Make an exact copy of the entries below, with all images left out.

BEGIN Data extracts

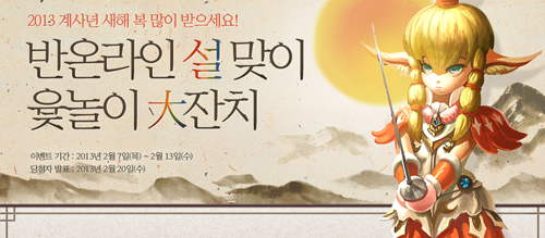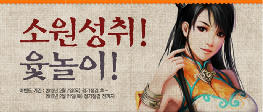 ... 윷놀이 이용권은 매일 3개가 주어지며 이용자는 이벤트 페이지의 윷놀이 플래시 미니 게임에 참가해 윷을 던져 나오는 결과에 따라 게임 내 아이템을 경품으로 받을 수 있다. 또 회사 측은 이벤트 참가자 중 추첨을 통해 1명에게 20강 영혼석, 각각 3명과 5명에게 15강, 10
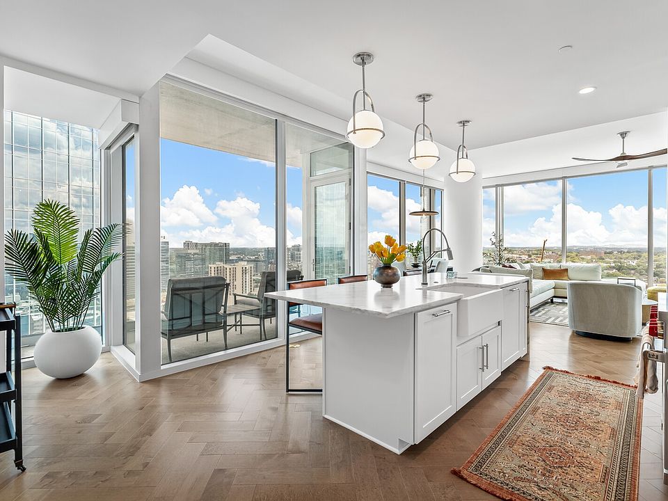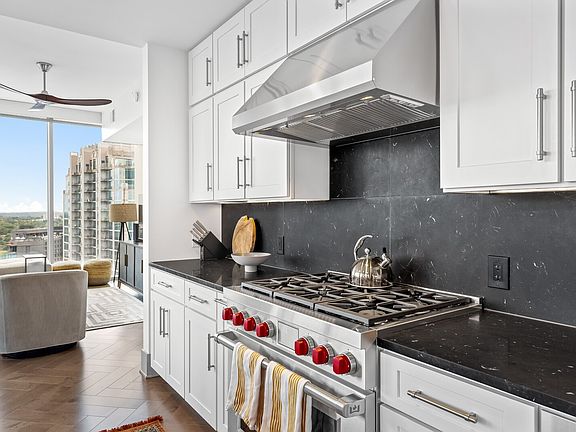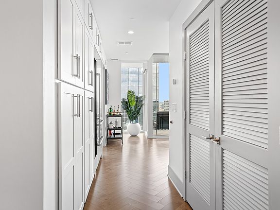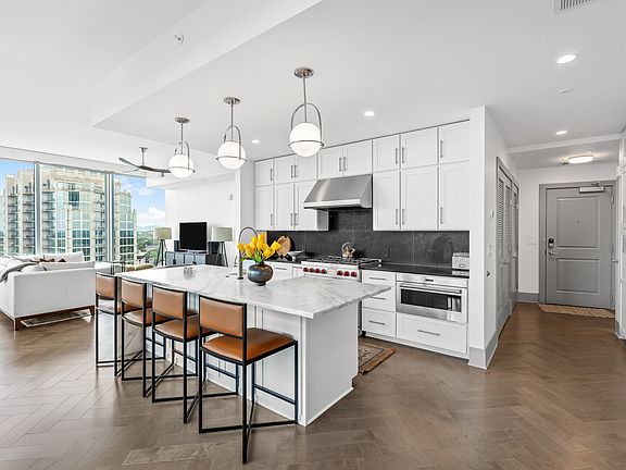 Gorgeous corner 2-bed, 2.5 bath residence at Broadwest; where Midtown meets Downtown! Positioned on the SE corner, it offers a large balcony, sunrise views, a spacious living & dining area, and an impressive array of features including a 42" Subzero fridge, 18" Subzero wine tower, and 6-burner dual-fuel Wolf gas range. Both bedrooms are en-suite w/double vanities & boast large walk-in closets w/very functional and attractive closet systems to maximize space. Property will also convey w/motorized window treatments throughout, full-size/side-by-side Electrolux W/D, and 2 deeded parking spaces in private, access controlled garage. Building is pet friendly, has 24/7 staff, & owners have full access to the incredible 34th amenity floor & array of Conrad Nashville Hotel services.
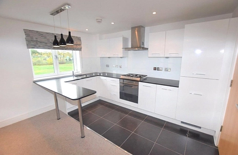 The modern fitted kitchen is seamlessly integrated and offers a range of sleek cabinetry and integrated appliances, combining practicality with contemporary styling.
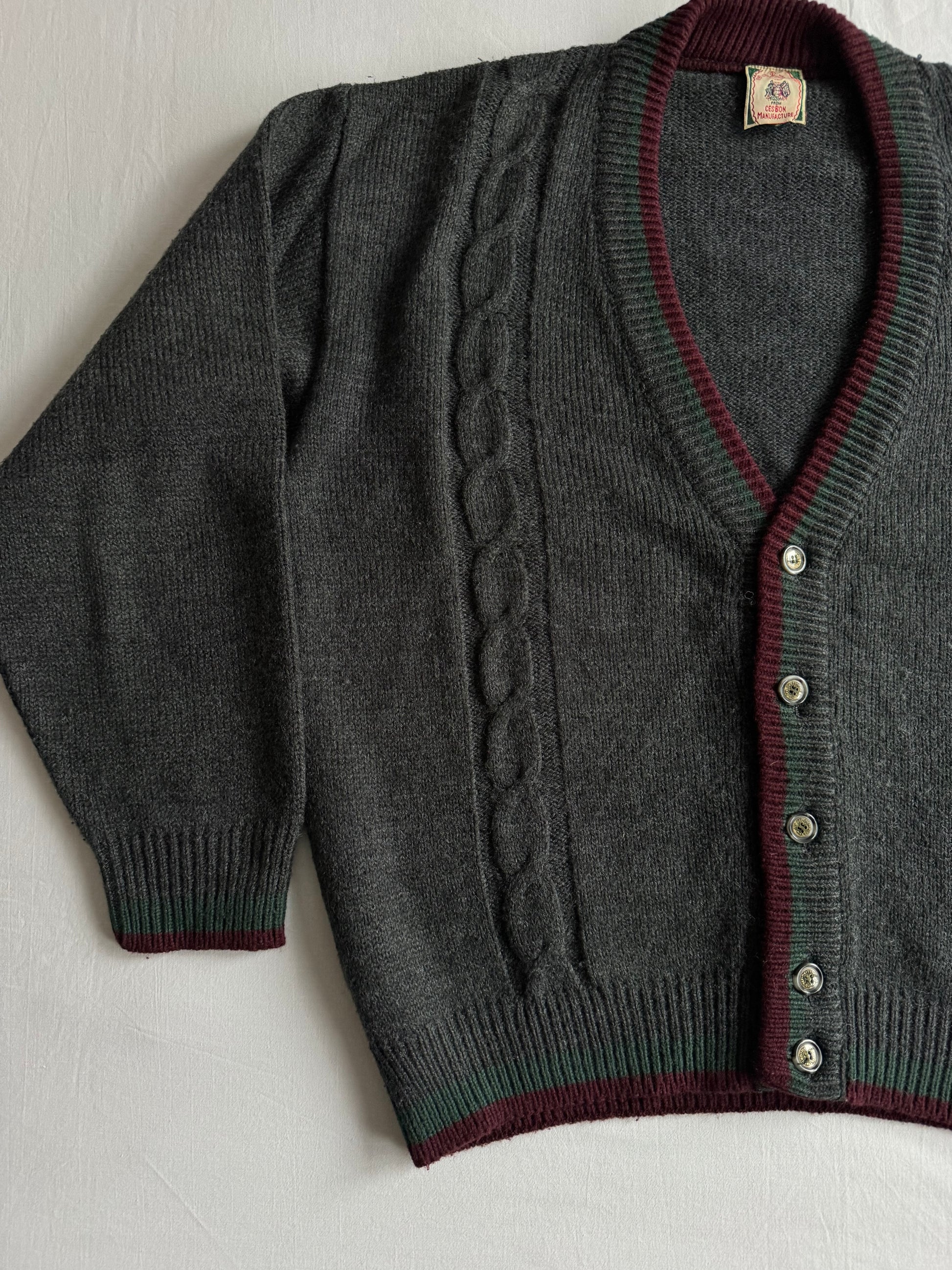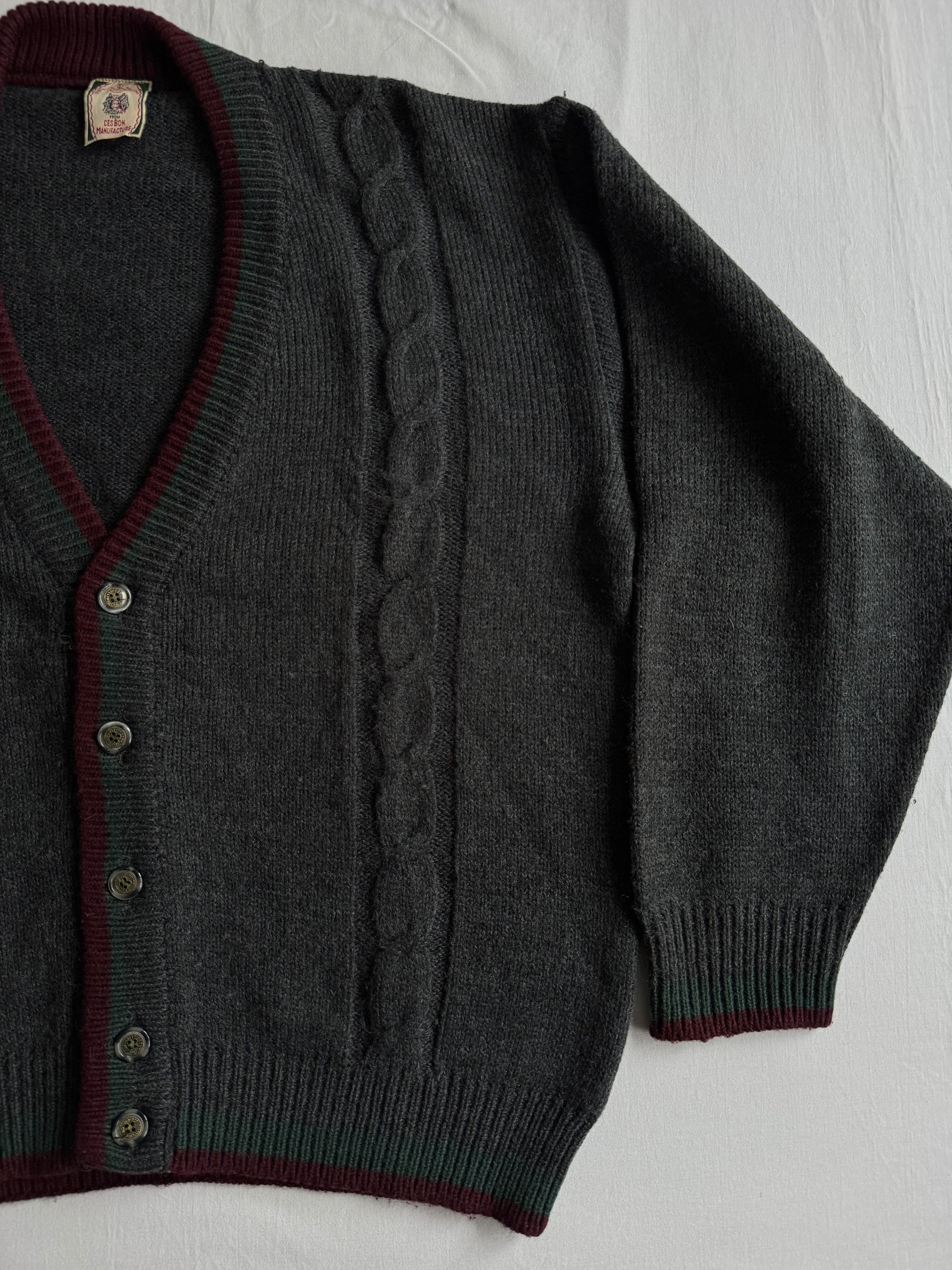 🧶 Cardigan Vintage Bărbați Gri Cable Knit – M
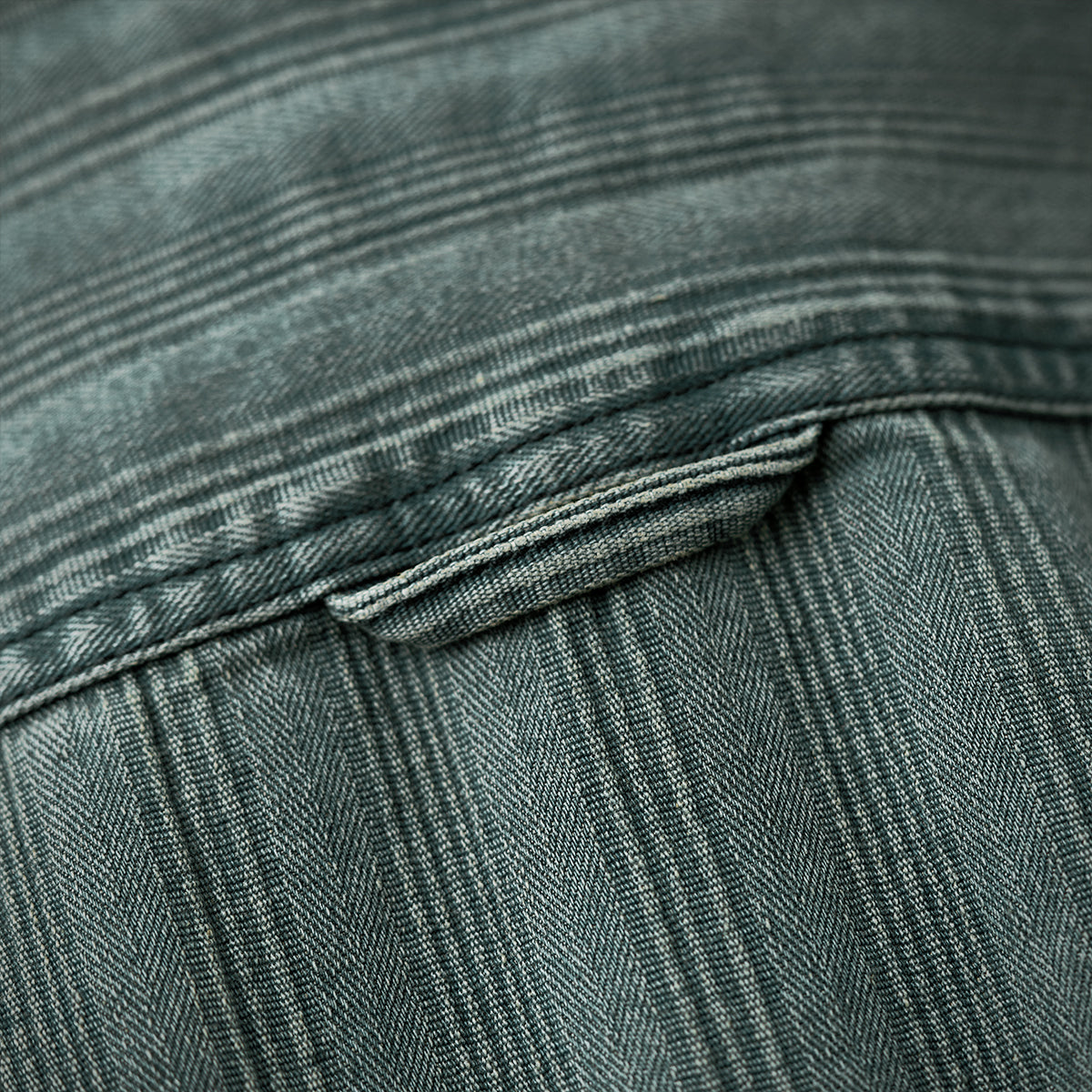 스트라이프 무늬가 레트로 데님 원단에 직조되어, 빈티지한 멋과 고급스러움을 동시에 느낄 수 있습니다.
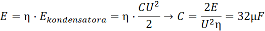 Oblicz pojemność kondensatora w defibrylatorze wiedząc, że 50% energii elektrycznej przez niego gromadzonej przechodzi przez pacjenta.

END Data extracts

Task result:
 ... 윷놀이 이용권은 매일 3개가 주어지며 이용자는 이벤트 페이지의 윷놀이 플래시 미니 게임에 참가해 윷을 던져 나오는 결과에 따라 게임 내 아이템을 경품으로 받을 수 있다. 또 회사 측은 이벤트 참가자 중 추첨을 통해 1명에게 20강 영혼석, 각각 3명과 5명에게 15강, 10
 Gorgeous corner 2-bed, 2.5 bath residence at Broadwest; where Midtown meets Downtown! Positioned on the SE corner, it offers a large balcony, sunrise views, a spacious living & dining area, and an impressive array of features including a 42" Subzero fridge, 18" Subzero wine tower, and 6-burner dual-fuel Wolf gas range. Both bedrooms are en-suite w/double vanities & boast large walk-in closets w/very functional and attractive closet systems to maximize space. Property will also convey w/motorized window treatments throughout, full-size/side-by-side Electrolux W/D, and 2 deeded parking spaces in private, access controlled garage. Building is pet friendly, has 24/7 staff, & owners have full access to the incredible 34th amenity floor & array of Conrad Nashville Hotel services.
 The modern fitted kitchen is seamlessly integrated and offers a range of sleek cabinetry and integrated appliances, combining practicality with contemporary styling.
 🧶 Cardigan Vintage Bărbați Gri Cable Knit – M
 스트라이프 무늬가 레트로 데님 원단에 직조되어, 빈티지한 멋과 고급스러움을 동시에 느낄 수 있습니다.
 Oblicz pojemność kondensatora w defibrylatorze wiedząc, że 50% energii elektrycznej przez niego gromadzonej przechodzi przez pacjenta.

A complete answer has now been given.